- Paradigm: functional, object-oriented
- Developer: Cadence Design Systems
- First appeared: 1990; 36 years ago
- Stable release: ? / ?
- Typing discipline: Dynamic

Major implementations
- Cadence Allegro, Cadence APD, Cadence Concept HDL and Cadence Virtuoso. Major LISP implementation: Cadence UniCAD

Dialects
- SKILL, SKILL++

Influenced by
- Scheme, Common Lisp, CLOS

= Cadence SKILL =

Programming language dialect

SKILL is a Lisp dialect used as a scripting language and PCell (parameterized cells) description language used in many electronic design automation (EDA) software suites by Cadence Design Systems.

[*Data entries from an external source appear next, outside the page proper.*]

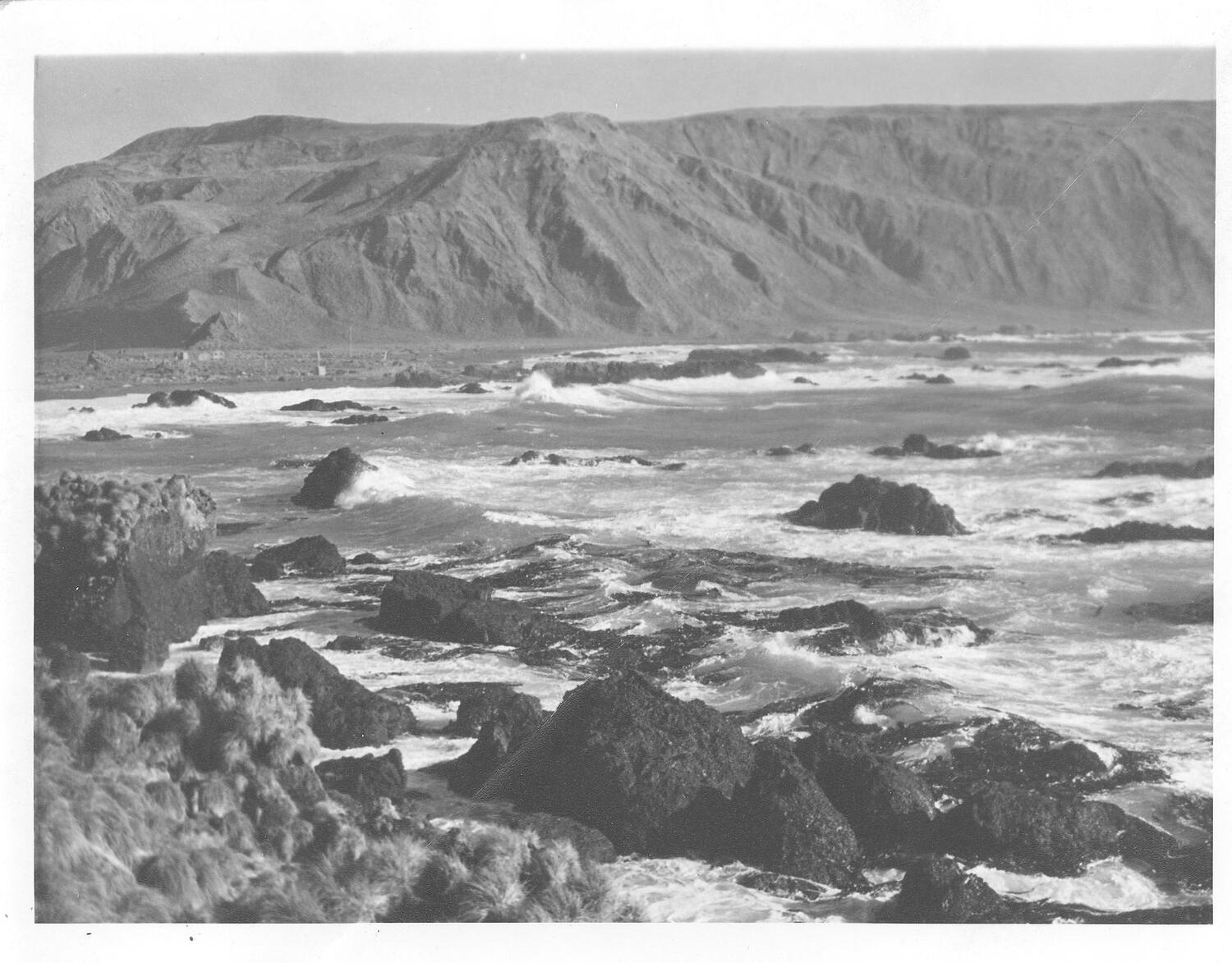 Black and white image showing barren hill in background, ocean washing over rocks along shore in middle and foreground, low vegetation in bottom left corner.
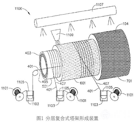 通用電氣公司為復(fù)合材料塔架專利申請量最多的申請人,其在2008年-2011年之間申請了四件專利申請,均涉及現(xiàn)場編織復(fù)合材料塔架及其制造方法。下面介紹其中一篇具有代表性的專利申請。
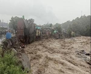 हिमाचल प्रदेश के कांगड़ा जिले में शाहपुर से करीब 25 किलोमीटर दूर बोह घाटी में सोमवार को भारी बारिश के आई बाढ़ में 10 घर बह गए। मलबे में दबे लोगों को निकालने के लिए मंगलवार सुबह करीब पांच बचे एनडीआरएफ के जवानों ने बचाव अभियान शुरू किया। कल देर रात तक चले बचाव अभियान के दौरान पांच लोगों को सुरक्षित बचाया गया। इनमें दो बच्चीयां भी शामिल हैं। लेकिन प्रशासन ने अभी भी मलबे में करीब नौ लोगों के दबे होने की आशंका जताई है। सोमवार को बोह घाटी में एक महिला का शव मिला था। यहां अन्य घरों को खाली करवा लिया गया है। डीसी निपुण जिंदल और एसपी विमुक्त रंजन भी मौके पर मौजूद है। एनडीआरएफ के करीब 50 जवान बचाव अभियान में लगे हैं।
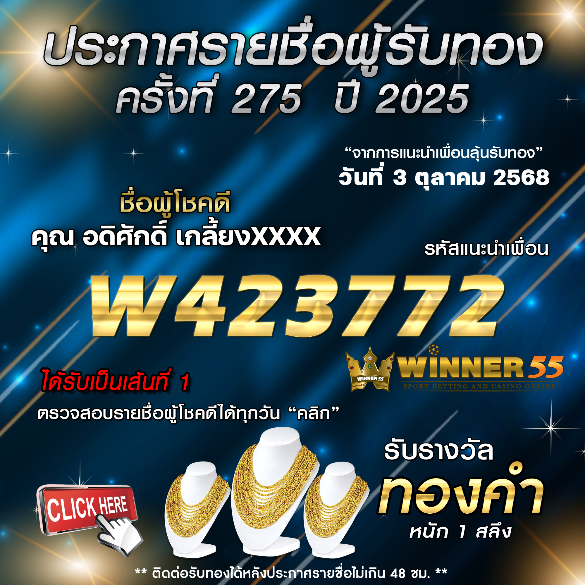 ประกาศรายชื่อผู้โชคดี อดิศักดิ์ เกลี้ยงxxxx ได้รับทองคำหนัก 1 สลึง ประจำวันที่ 03 ตุลาคม 2568 03/10/2025
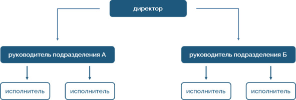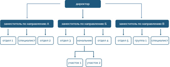 Самая простая модель: прямая и строгая иерархия. Ключевые решения принимаются сверху и спускаются вниз, без выделения отдельных функций: продажи, маркетинг, производство. Подходит для небольших компаний с простой технологией производства и минимальной потребностью в дополнительных функциях.
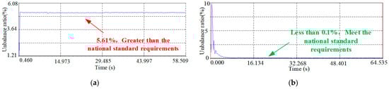As shown in Figure 11a, the imbalance ratio of the system that does not contain the harmonic imbalanced suppression loop reaches and remains at 5.61% soon after the experiment begins. It indicates that the system generates great voltage imbalances when the under imbalanced load and the voltage waveform is distorted. In Figure 11b, the imbalance ratio can be reduced from 5.61% to less than 0.1%, which fully meets Chinese national standards by introducing an imbalanced suppression loop to the parallel system.
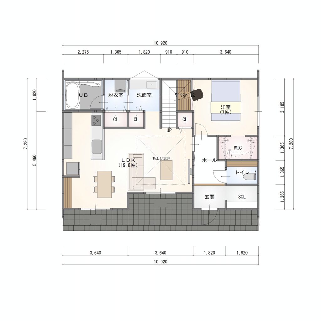 | 面積 | 延床面積 /105.18㎡(31.82坪) 1階床面積 /76.19㎡(23.05坪) 2階床面積 /28.99㎡(8.77坪) | ||||

It was originally put forth in an Institute of Electrical and Electronics Engineers (IEEE) paper in 1990.

==History==
SKILL was originally based on a flavor of Lisp called Franz Lisp created at University of California, Berkeley by the students of Professor Richard J. Fateman. SKILL is not an acronym; it is a name. For trademark reasons Cadence prefers it be capitalized.

Franz Lisp and all other flavors of LISP were eventually superseded by an ANSI standard for Common Lisp. Historically, SKILL was known as IL. SKILL was a library of IL functions. The name was originally an initialism for Silicon Compiler Interface Language (SCIL), pronounced "SKIL", which then morphed into "SKILL", a plain English word that was easier for everyone to remember.

"IL" was only Interface Language. Although SKILL was used initially to describe the application programming interface (API) rather than the language, the snappier name stuck. The name IL remains a common file extension used for SKILL code .il designating that the code contained in the file has lisp-2 semantics. Another possible file extension is .ils, designating that the content has lisp-1 semantics.